**Problem to work on**
Retype the material that follows exactly, limited to the lines from the one with "Construction blowpipe Barracuda" through the one with "V OTE—ARMY—continued 1947-48.", and keep out all pictures.

**Entries provided**
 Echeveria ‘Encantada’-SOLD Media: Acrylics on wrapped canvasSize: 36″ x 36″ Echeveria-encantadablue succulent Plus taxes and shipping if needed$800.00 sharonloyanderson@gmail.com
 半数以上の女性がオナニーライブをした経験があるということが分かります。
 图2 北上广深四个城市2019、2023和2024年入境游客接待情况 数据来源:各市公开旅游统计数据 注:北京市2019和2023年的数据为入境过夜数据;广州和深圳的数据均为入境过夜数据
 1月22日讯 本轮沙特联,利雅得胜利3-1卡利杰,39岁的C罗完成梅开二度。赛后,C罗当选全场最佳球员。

---

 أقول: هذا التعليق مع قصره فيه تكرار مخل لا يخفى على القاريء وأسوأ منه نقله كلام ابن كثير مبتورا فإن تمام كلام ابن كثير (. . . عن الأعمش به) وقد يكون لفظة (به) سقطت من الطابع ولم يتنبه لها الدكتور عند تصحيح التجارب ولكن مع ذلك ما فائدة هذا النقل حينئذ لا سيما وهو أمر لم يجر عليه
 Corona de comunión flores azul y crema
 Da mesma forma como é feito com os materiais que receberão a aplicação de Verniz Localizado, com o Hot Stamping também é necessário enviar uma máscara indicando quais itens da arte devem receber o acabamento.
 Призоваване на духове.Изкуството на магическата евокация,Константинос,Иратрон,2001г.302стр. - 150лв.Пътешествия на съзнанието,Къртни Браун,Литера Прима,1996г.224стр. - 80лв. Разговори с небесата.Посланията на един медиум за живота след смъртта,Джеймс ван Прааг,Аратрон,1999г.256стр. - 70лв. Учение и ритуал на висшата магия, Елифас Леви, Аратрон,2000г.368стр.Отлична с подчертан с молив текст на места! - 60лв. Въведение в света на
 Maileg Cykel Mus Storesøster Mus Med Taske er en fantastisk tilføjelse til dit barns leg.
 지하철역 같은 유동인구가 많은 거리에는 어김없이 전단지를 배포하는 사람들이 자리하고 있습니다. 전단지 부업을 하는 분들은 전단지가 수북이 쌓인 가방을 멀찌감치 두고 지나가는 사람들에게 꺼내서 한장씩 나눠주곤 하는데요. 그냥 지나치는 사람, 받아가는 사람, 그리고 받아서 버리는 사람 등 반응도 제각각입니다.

...

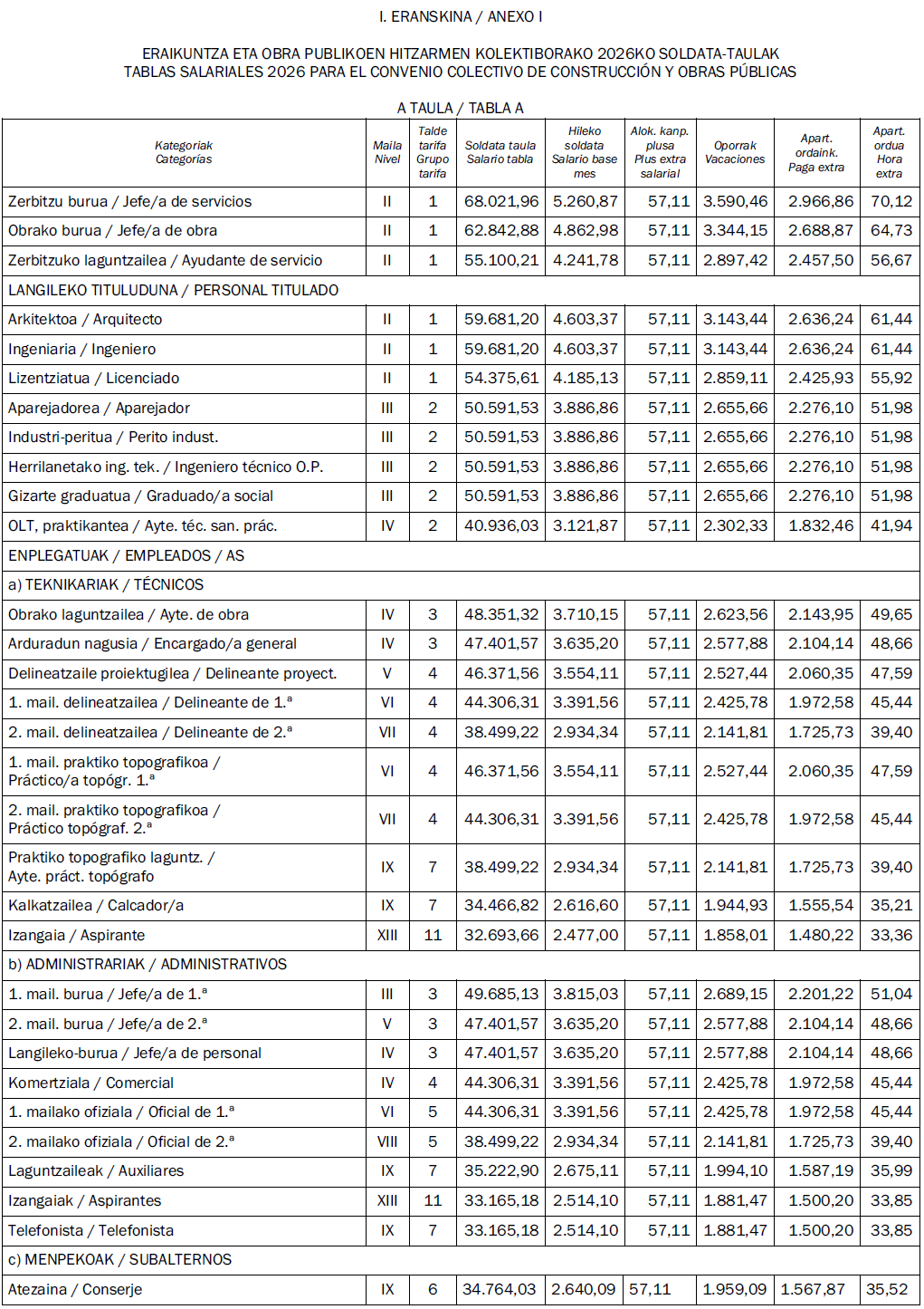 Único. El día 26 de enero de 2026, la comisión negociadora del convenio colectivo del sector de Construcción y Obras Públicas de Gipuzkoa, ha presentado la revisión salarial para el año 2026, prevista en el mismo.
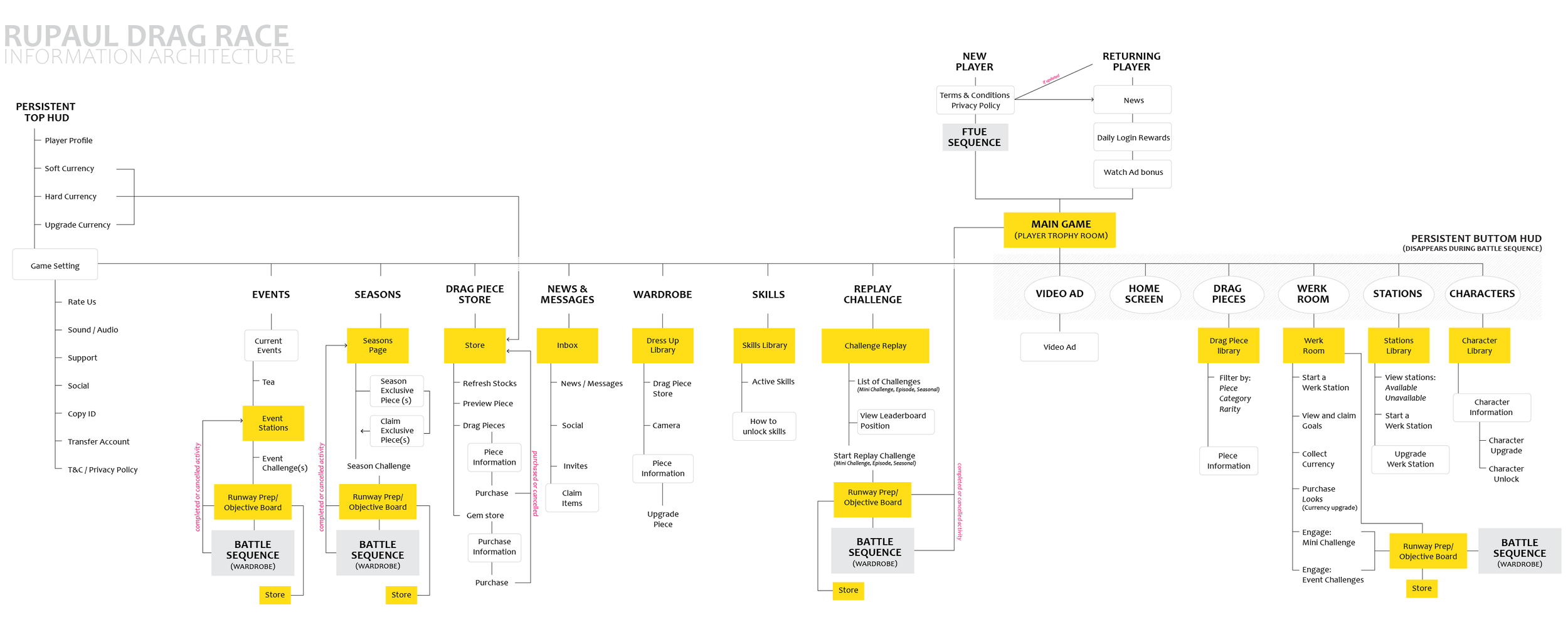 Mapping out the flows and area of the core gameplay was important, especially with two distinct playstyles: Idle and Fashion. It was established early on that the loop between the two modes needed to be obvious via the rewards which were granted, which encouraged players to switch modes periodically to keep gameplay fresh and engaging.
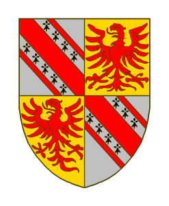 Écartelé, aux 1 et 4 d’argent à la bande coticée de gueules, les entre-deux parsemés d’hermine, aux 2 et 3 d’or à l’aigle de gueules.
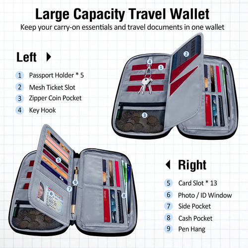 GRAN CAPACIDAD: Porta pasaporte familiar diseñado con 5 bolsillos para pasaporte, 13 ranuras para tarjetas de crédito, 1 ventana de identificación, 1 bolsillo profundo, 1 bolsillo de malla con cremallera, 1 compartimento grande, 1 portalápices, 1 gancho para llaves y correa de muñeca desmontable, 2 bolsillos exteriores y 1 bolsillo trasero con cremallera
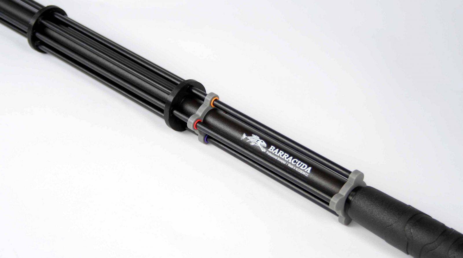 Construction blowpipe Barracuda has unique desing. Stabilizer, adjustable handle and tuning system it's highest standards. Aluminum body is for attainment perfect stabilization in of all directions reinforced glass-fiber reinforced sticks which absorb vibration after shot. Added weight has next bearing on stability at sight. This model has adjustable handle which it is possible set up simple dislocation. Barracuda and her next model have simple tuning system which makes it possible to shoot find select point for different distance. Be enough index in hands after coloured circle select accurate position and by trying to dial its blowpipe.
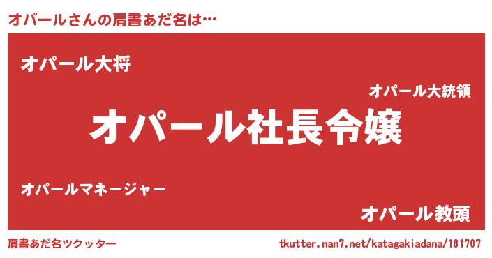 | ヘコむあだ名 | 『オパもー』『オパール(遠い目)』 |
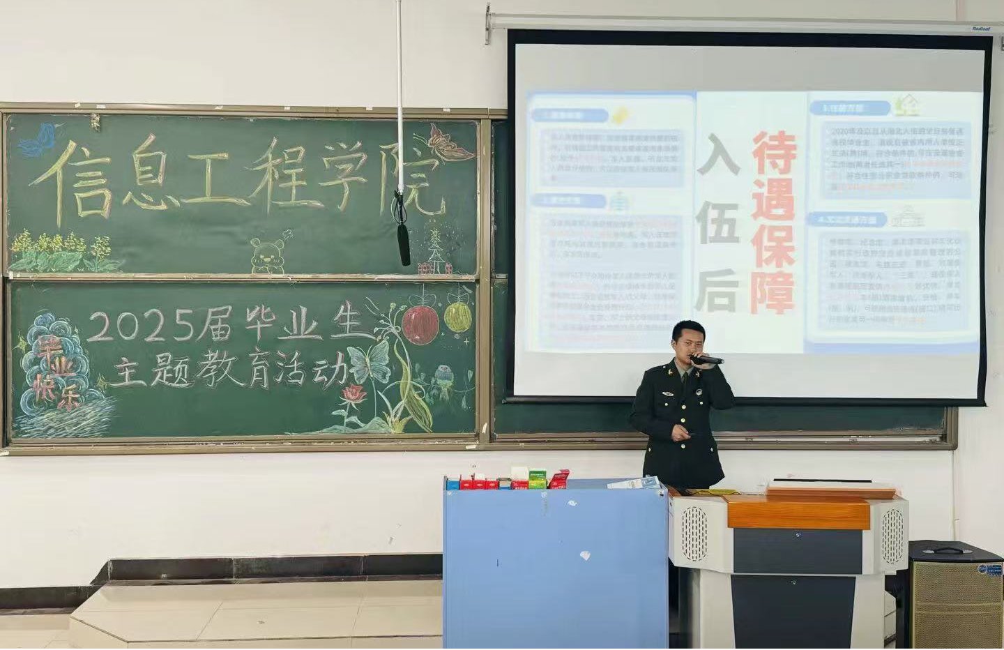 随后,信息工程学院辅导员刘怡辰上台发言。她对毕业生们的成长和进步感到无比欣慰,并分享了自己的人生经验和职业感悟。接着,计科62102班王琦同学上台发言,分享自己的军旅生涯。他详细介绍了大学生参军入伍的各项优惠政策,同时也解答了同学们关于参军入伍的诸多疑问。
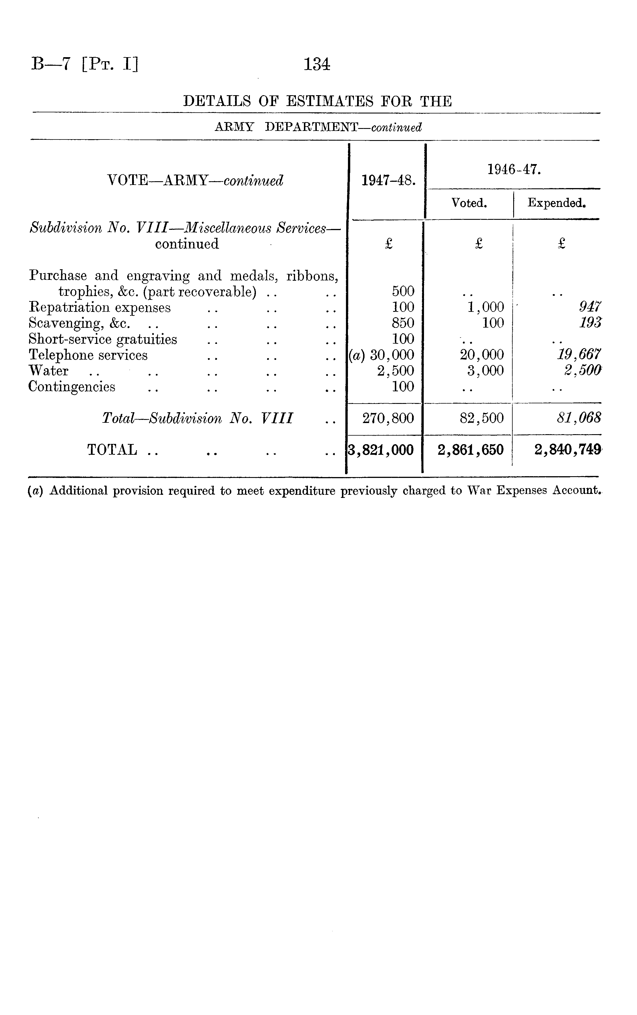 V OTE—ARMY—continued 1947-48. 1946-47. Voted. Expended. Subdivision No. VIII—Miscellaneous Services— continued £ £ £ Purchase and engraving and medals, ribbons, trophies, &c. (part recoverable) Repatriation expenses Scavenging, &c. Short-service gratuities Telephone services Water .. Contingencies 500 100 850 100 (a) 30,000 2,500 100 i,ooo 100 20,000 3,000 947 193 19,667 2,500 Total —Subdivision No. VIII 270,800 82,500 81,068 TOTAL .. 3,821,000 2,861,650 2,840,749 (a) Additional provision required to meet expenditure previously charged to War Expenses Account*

**Output for this task**
 Construction blowpipe Barracuda has unique desing. Stabilizer, adjustable handle and tuning system it's highest standards. Aluminum body is for attainment perfect stabilization in of all directions reinforced glass-fiber reinforced sticks which absorb vibration after shot. Added weight has next bearing on stability at sight. This model has adjustable handle which it is possible set up simple dislocation. Barracuda and her next model have simple tuning system which makes it possible to shoot find select point for different distance. Be enough index in hands after coloured circle select accurate position and by trying to dial its blowpipe.
 | ヘコむあだ名 | 『オパもー』『オパール(遠い目)』 |
 随后,信息工程学院辅导员刘怡辰上台发言。她对毕业生们的成长和进步感到无比欣慰,并分享了自己的人生经验和职业感悟。接着,计科62102班王琦同学上台发言,分享自己的军旅生涯。他详细介绍了大学生参军入伍的各项优惠政策,同时也解答了同学们关于参军入伍的诸多疑问。
 V OTE—ARMY—continued 1947-48. 1946-47. Voted. Expended. Subdivision No. VIII—Miscellaneous Services— continued £ £ £ Purchase and engraving and medals, ribbons, trophies, &c. (part recoverable) Repatriation expenses Scavenging, &c. Short-service gratuities Telephone services Water .. Contingencies 500 100 850 100 (a) 30,000 2,500 100 i,ooo 100 20,000 3,000 947 193 19,667 2,500 Total —Subdivision No. VIII 270,800 82,500 81,068 TOTAL .. 3,821,000 2,861,650 2,840,749 (a) Additional provision required to meet expenditure previously charged to War Expenses Account*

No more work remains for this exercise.